Using the GROUP Function

The GROUP function provides important functionality when processing very large datasets. The basic concept is that the GROUP function will break the dataset up into a number of smaller subsets, but the GROUPed dataset is still treated as a single entity in your ECL code.

Operations on a GROUPed dataset are automatically performed on each subset, separately. Therefore, an operation on a GROUPed dataset will appear in the ECL code as a single operation, but will in fact internally be accomplished by serially performing the same operation against each subset in turn. The advantage this approach has is that each individual operation is much smaller, and more likely to be able to be accomplished without spilling to disk, which means the total time to perform all the separate operations will typically be less than performing the same operation against the entire dataset (sometimes dramatically so).

GROUP vs. SORT

The GROUP function does not automatically sort the records it's operating on--it will GROUP based on the order of the records it is given. Therefore, SORTing the records first by the field(s) on which you want to GROUP is usually done (except in circumstances where the GROUP field(s) are used only to break a single large operation up into a number of much smaller operations).

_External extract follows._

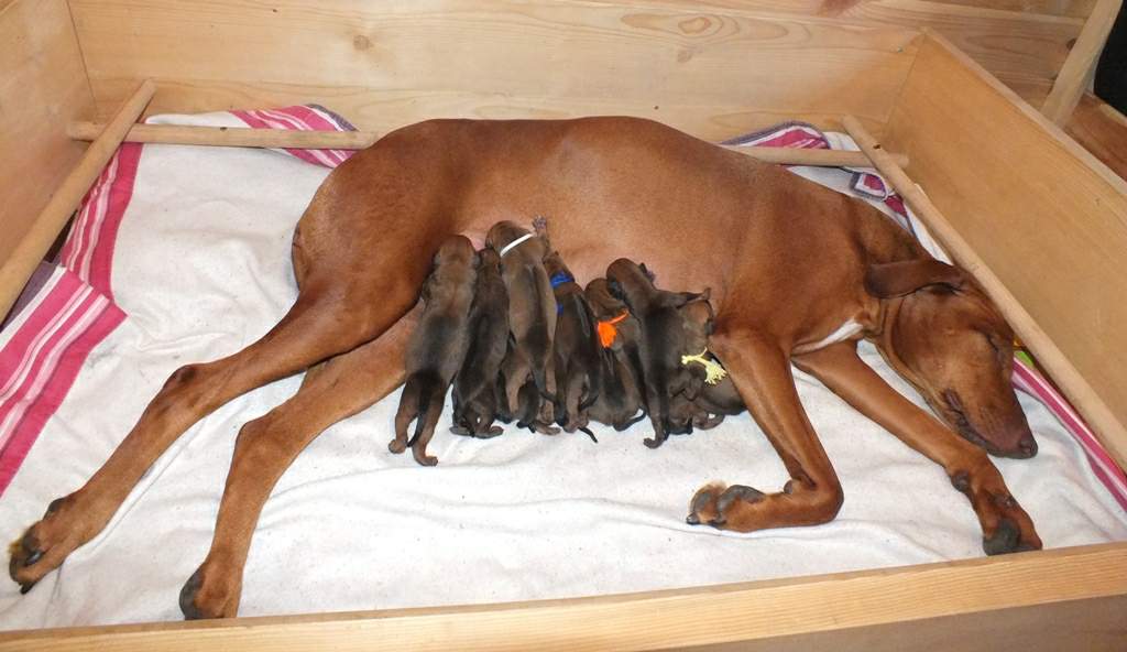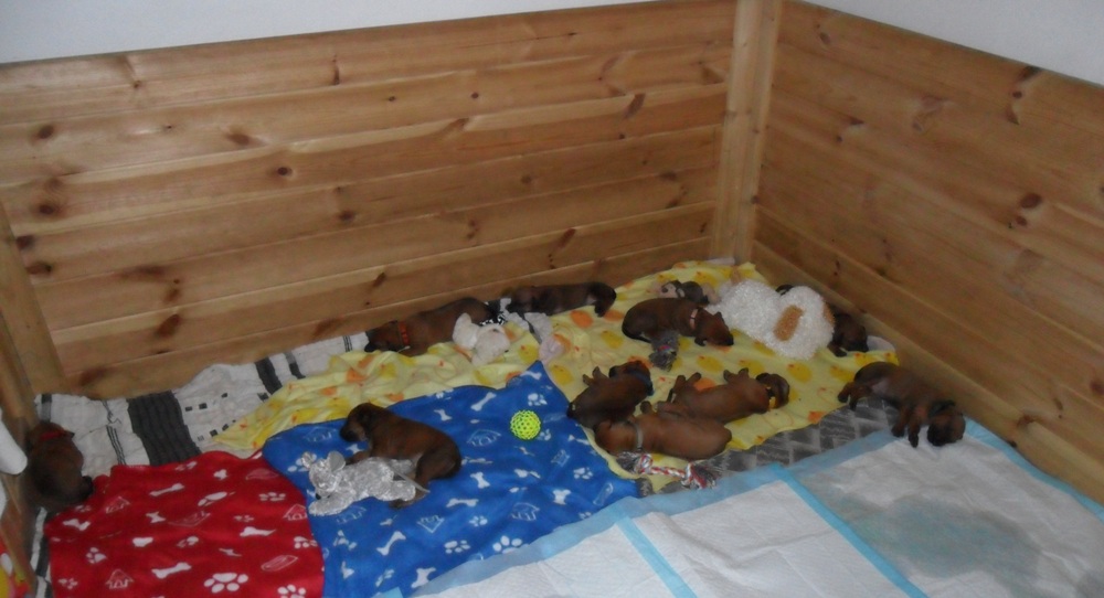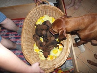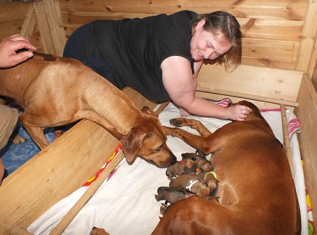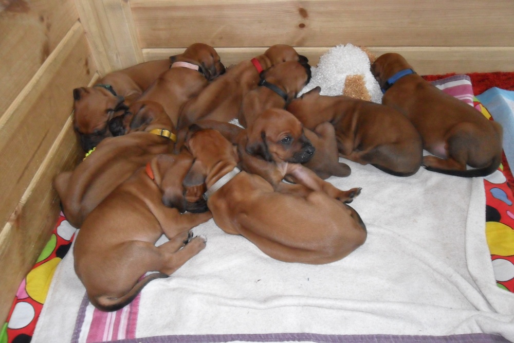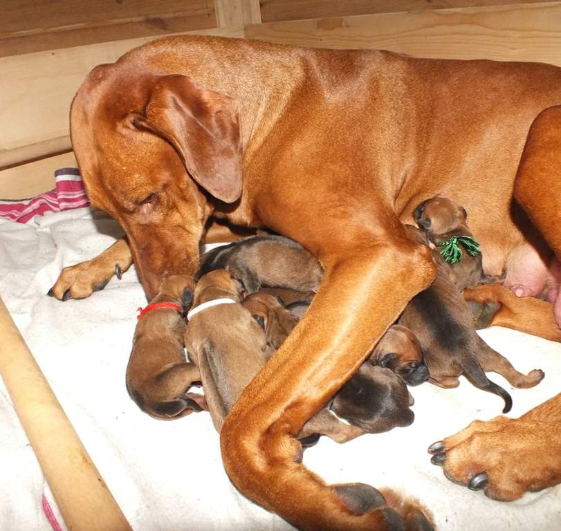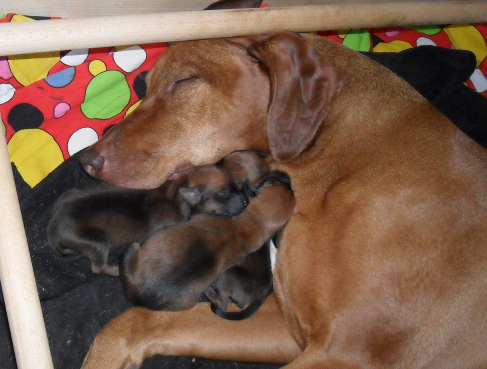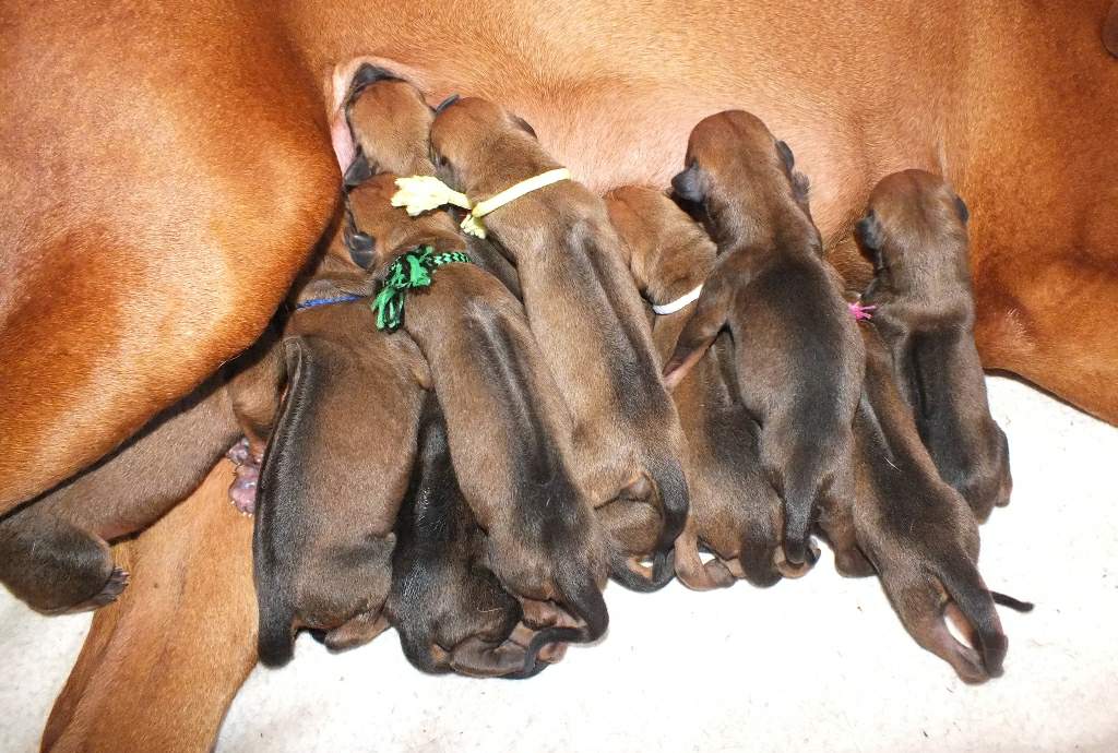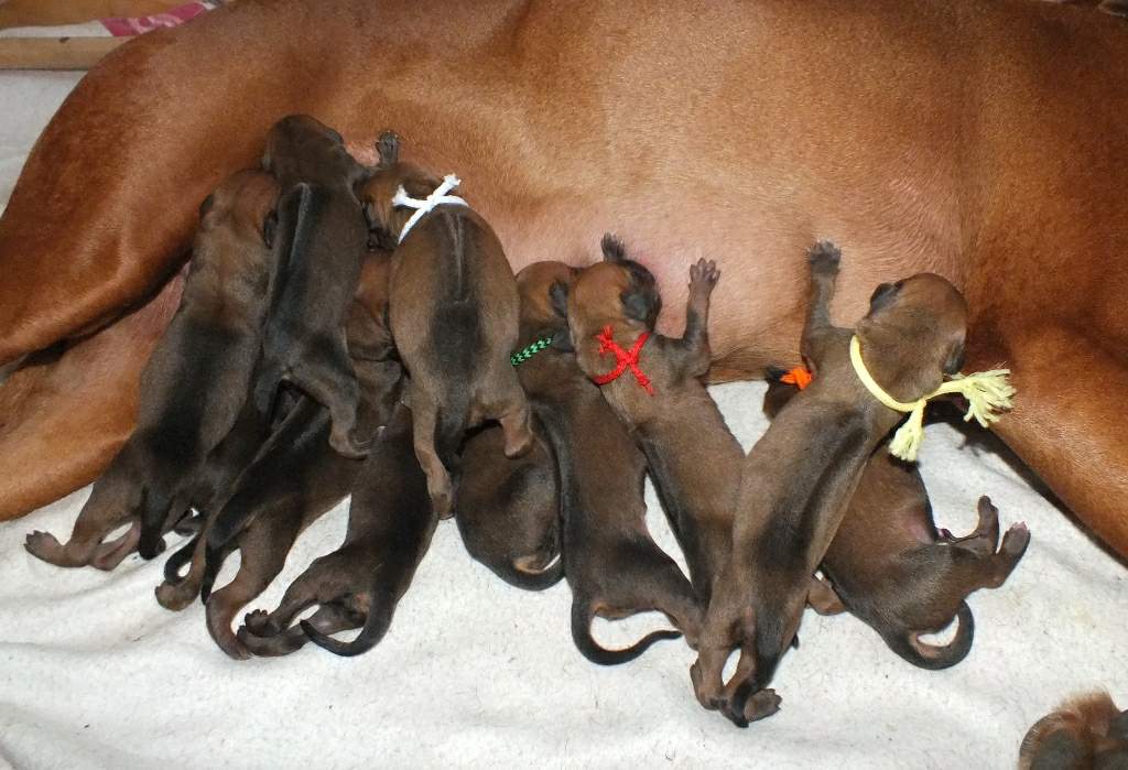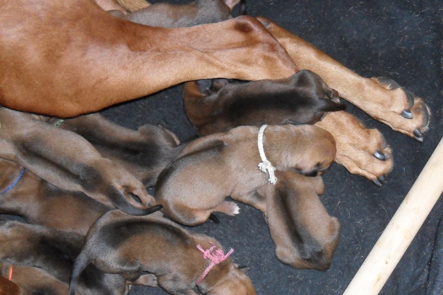 Večerní kontrola vrhu paní Renatou Janouškovcovou a Zdeňkou Masnerovou proběhla v příjemném duchu. Tato druhá prohlídka potvrdila tu první. Máme vyrovnaný vrh bez zálomků, DS, s krásnými ridgi správné délky. Kluci jsou opravdu kluci. Za dobré zprávy jsme obě dámy odměnili domácími buchtami a sebe skleničkou vína. Na zdraví miminečka naše

For the set of operations that use TRANSFORM functions (such as ITERATE, PROJECT, ROLLUP, etc), operating on a GROUPed dataset where the operation is performed on each fragment (group) in the recordset, independently, implies that testing for boundary conditions will be different than if you were working with a SORTed dataset. For example, the following code (contained in GROUPfunc.ECL) uses the GROUP function to rank people's accounts, based on the open date and balance. The account with the newest open date is ranked highest (if there are multiple accounts opened the same day the one with the highest balance is used). There is no boundary check needed in the TRANSFORM function because the ITERATE starts over again with each person, so the L.Ranking field value for each new person group is zero (0).

IMPORT $;

accounts := $.DeclareData.Accounts;

rec := RECORD
  accounts.PersonID;
  accounts.Account;
  accounts.opendate;
  accounts.balance;
  UNSIGNED1 Ranking := 0;
END;

tbl := TABLE(accounts,rec);

rec RankGrpAccts(rec L, rec R) := TRANSFORM
  SELF.Ranking := L.Ranking + 1;
  SELF := R;
END;
GrpRecs  := SORT(GROUP(SORT(tbl,PersonID),PersonID),-Opendate,-Balance);
i1 := ITERATE(GrpRecs,RankGrpAccts(LEFT,RIGHT));
OUTPUT(i1);

The following code just uses SORT to achieve the same record order as in the previous code. Notice the boundary check code in the TRANSFORM function. This is required, since the ITERATE will perform a single operation against the entire dataset.:

rec RankSrtAccts(rec L, rec R) := TRANSFORM
  SELF.Ranking := IF(L.PersonID = R.PersonID,L.Ranking + 1, 1);
  SELF := R;
END;
SortRecs := SORT(tbl,PersonID,-Opendate,-Balance);
i2 := ITERATE(SortRecs,RankSrtAccts(LEFT,RIGHT));
OUTPUT(i2);

The different bounds checking in each is required by the fragmenting created by the GROUP function. The ITERATE operates separately on each fragment in the first example, and operates on the entire record set in the second.